▸ SUPPLIED ENTRIES:
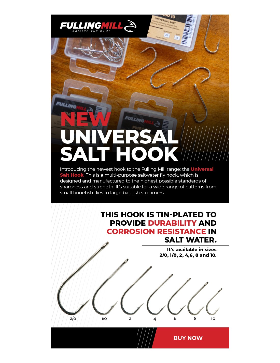 Fulling Mill Universal Salt Saltwater Fly Hooks are suitable for a wide range of uses from bonefish patterns and crabs, to clousers, other baitfish patterns and everything in between.
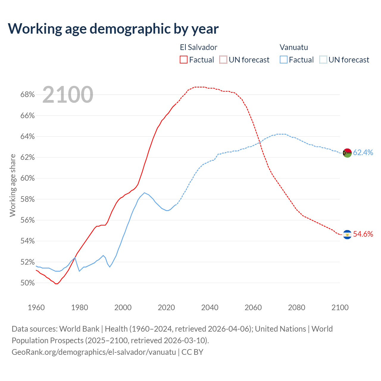 Median age El Salvador vs Vanuatu, 1960-2100
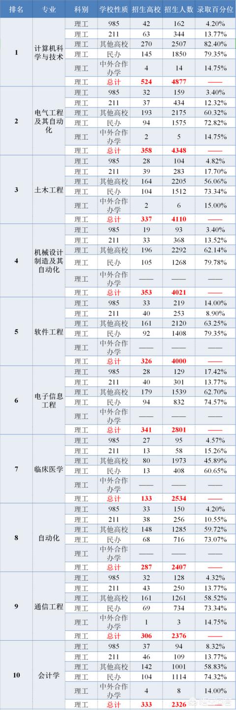上榜显示,理工类中招生数量最多的十大专业,招生人数都在2300+,这10大专业招生总量占到河北省理工招生计划的24%)。
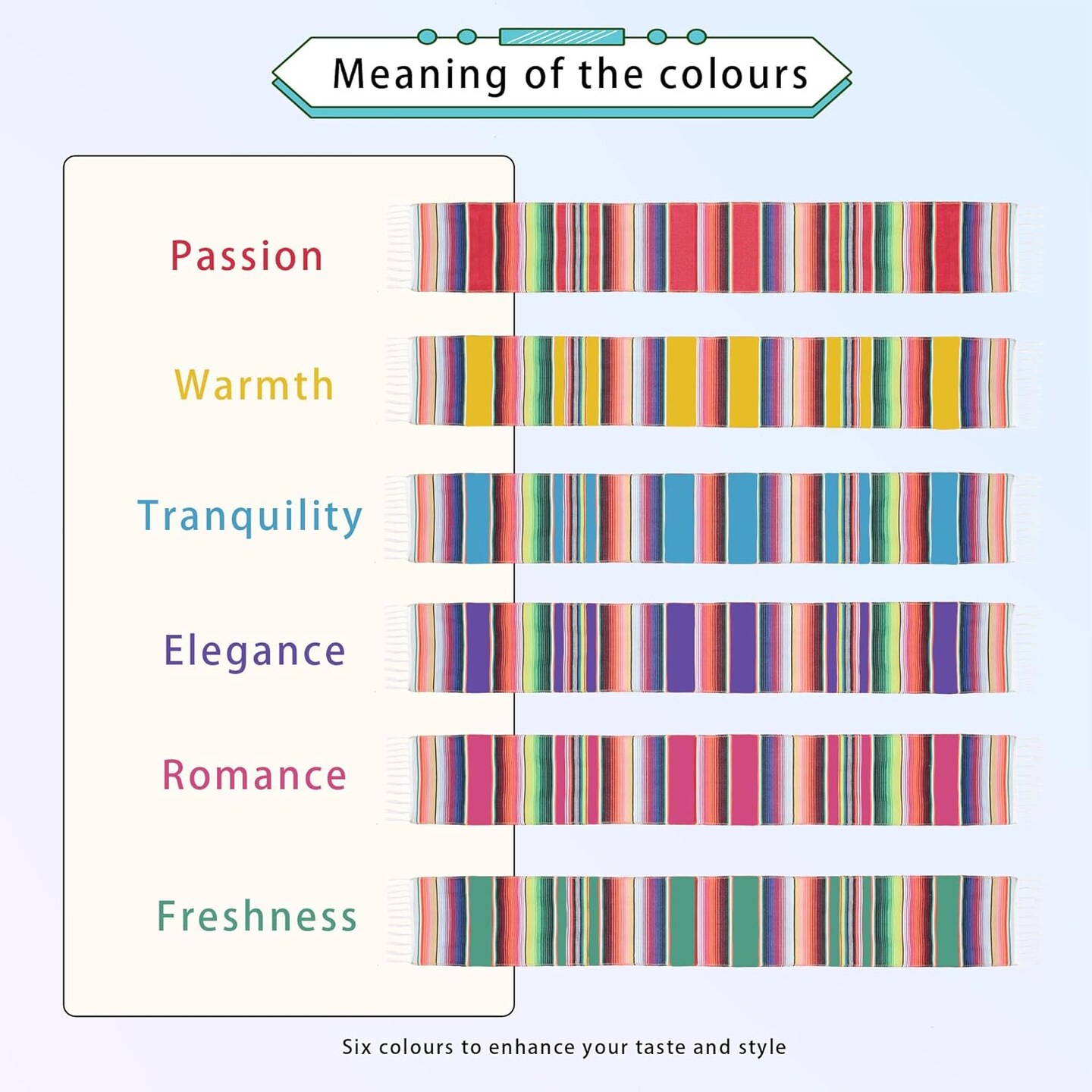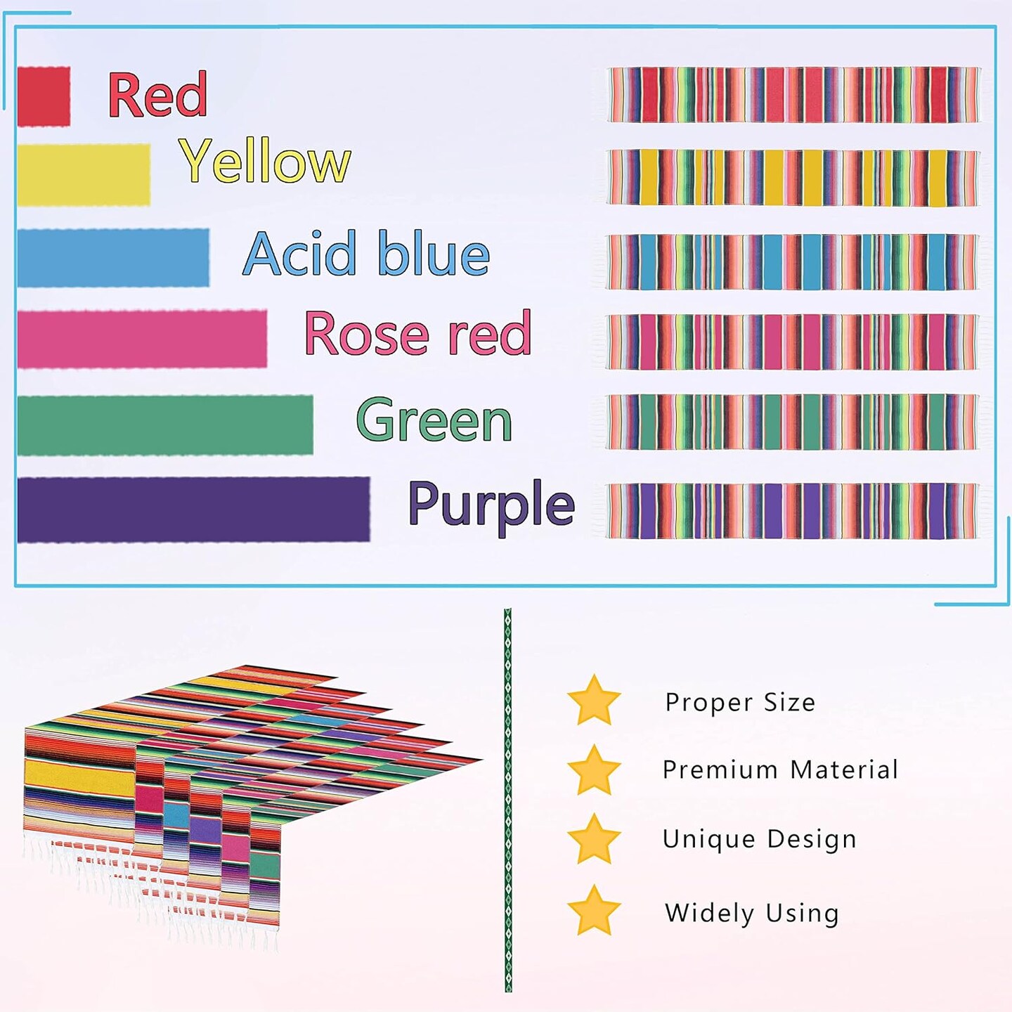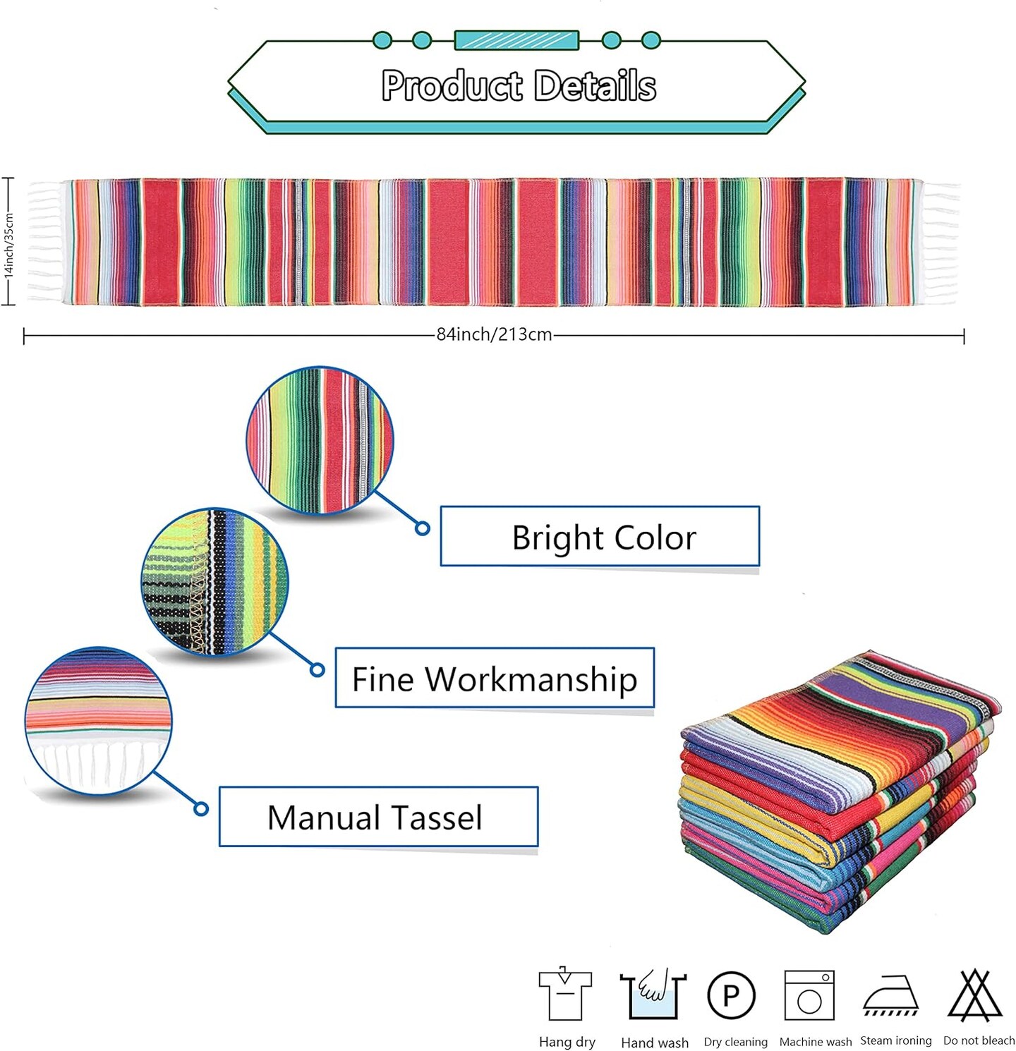 6 Pack Mexican Table Runners 14” x 84” Rainbow Colors Large Boho Mexican Theme Party Decoration for Cinco de Mayo Fiesta Party 6 Serape Table Runner (14” x 84”)
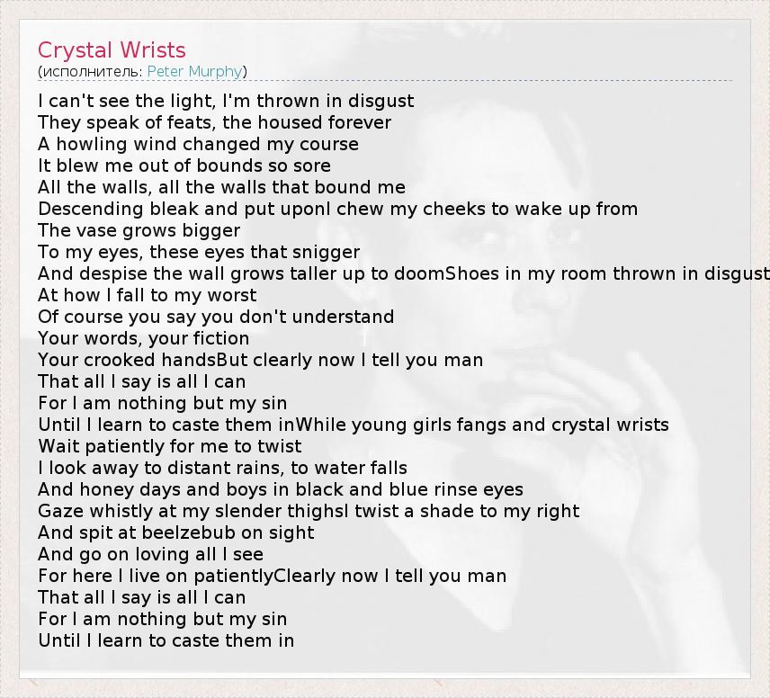 А как ты думаешь, о чем песня "Crystal Wrists" ?
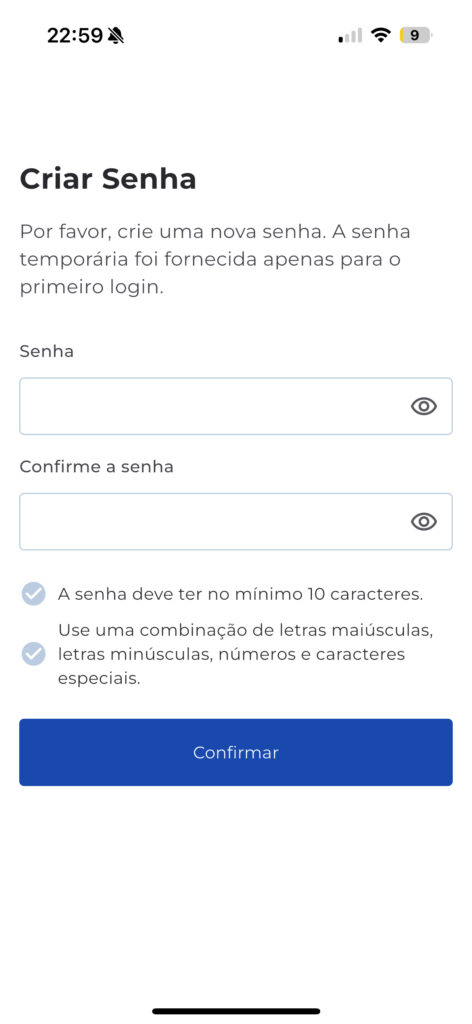 No primeiro acesso, você deverá criar uma nova senha definitiva para sua segurança. Esta deve conter no mínimo 10 caracteres com letras maiúsculas, minúsculas, números e caracteres especiais.
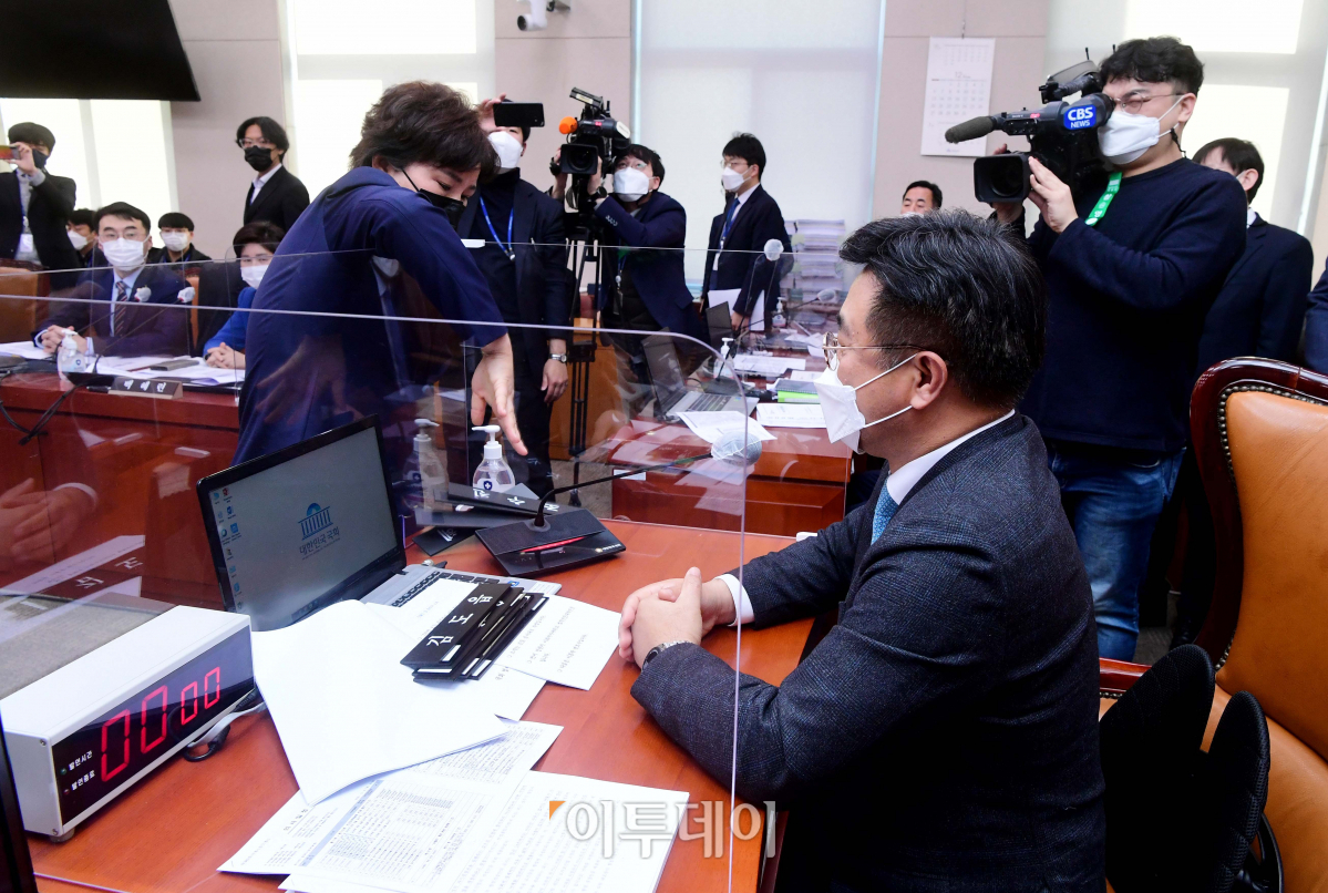 8일 서울 여의도 국회에서 열린 법제사법위원회 전체회의에서 고위공직자범죄수사처(공수처)법 개정안 등이 통과되자 조수진 국민의힘 의원이 명패를 윤호중 위원장에게 내려놓고 있다.
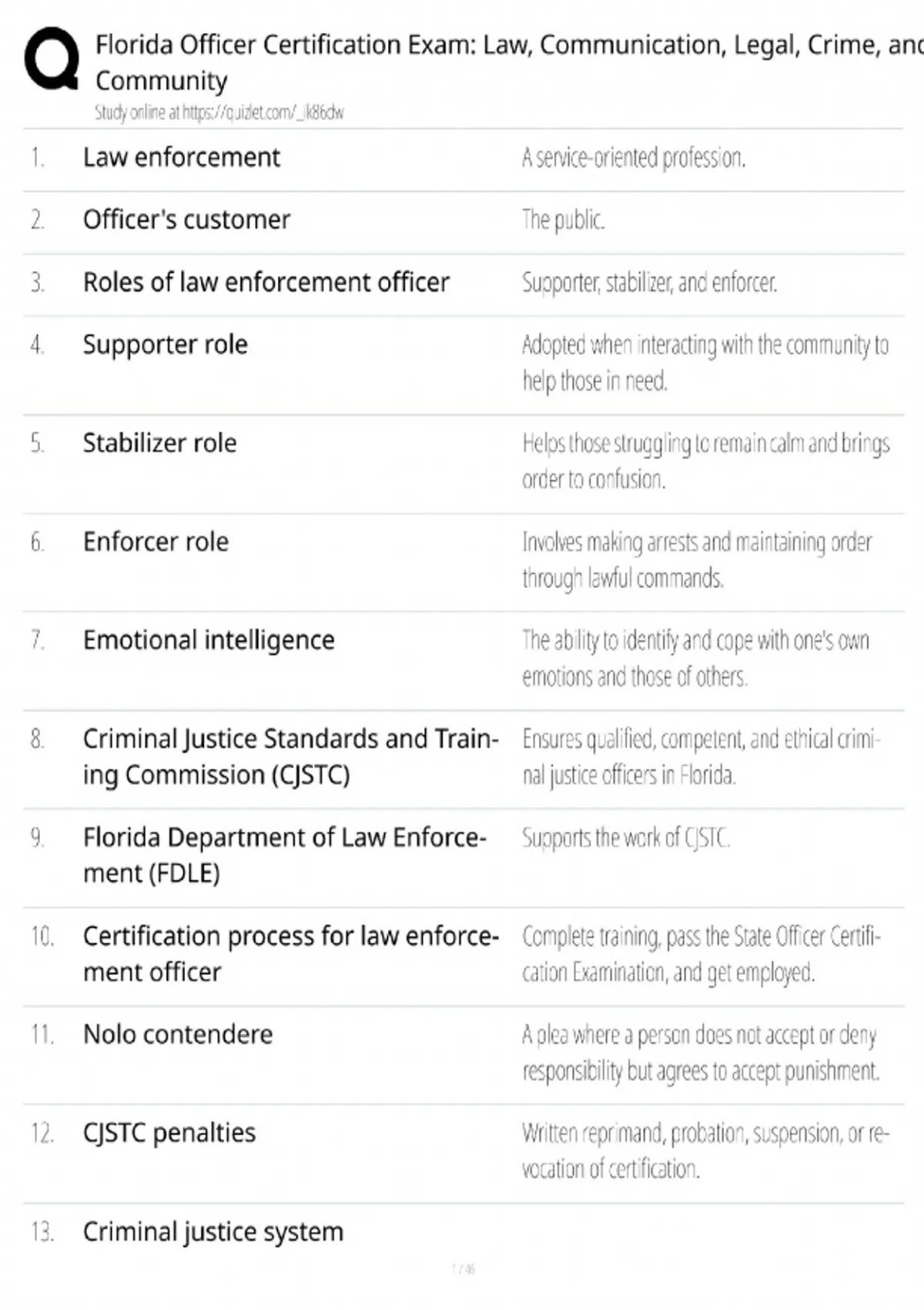 Florida Officer Certification Exam / Law, Communication, Crime & Community / Study Guide & Test Bank / Score 100% / 2025 Update
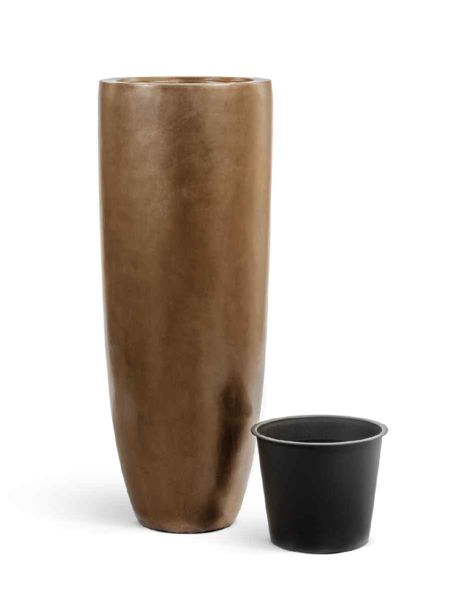 Кашпо напольное для цветов, TREEZ Effectory Metal, конус, керамический горшок, тёмное матовое золото, 120×46 см, 170/18,5 л, для интерьера
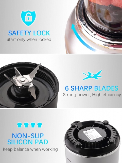 【BPA FREE】: The smoothie maker is with the compact design that fits on any countertop. Easy to control with one button. All parts of the personal blender are BPA free.

▸ THE PROBLEM:
An exact transcript is required, covering the lines from the one containing "А как ты думаешь, о" through the end of the listing above, inclusive, without pictures.

▸ SOLUTION FOR THIS PROBLEM:
 А как ты думаешь, о чем песня "Crystal Wrists" ?
 No primeiro acesso, você deverá criar uma nova senha definitiva para sua segurança. Esta deve conter no mínimo 10 caracteres com letras maiúsculas, minúsculas, números e caracteres especiais.
 8일 서울 여의도 국회에서 열린 법제사법위원회 전체회의에서 고위공직자범죄수사처(공수처)법 개정안 등이 통과되자 조수진 국민의힘 의원이 명패를 윤호중 위원장에게 내려놓고 있다.
 Florida Officer Certification Exam / Law, Communication, Crime & Community / Study Guide & Test Bank / Score 100% / 2025 Update
 Кашпо напольное для цветов, TREEZ Effectory Metal, конус, керамический горшок, тёмное матовое золото, 120×46 см, 170/18,5 л, для интерьера
 【BPA FREE】: The smoothie maker is with the compact design that fits on any countertop. Easy to control with one button. All parts of the personal blender are BPA free.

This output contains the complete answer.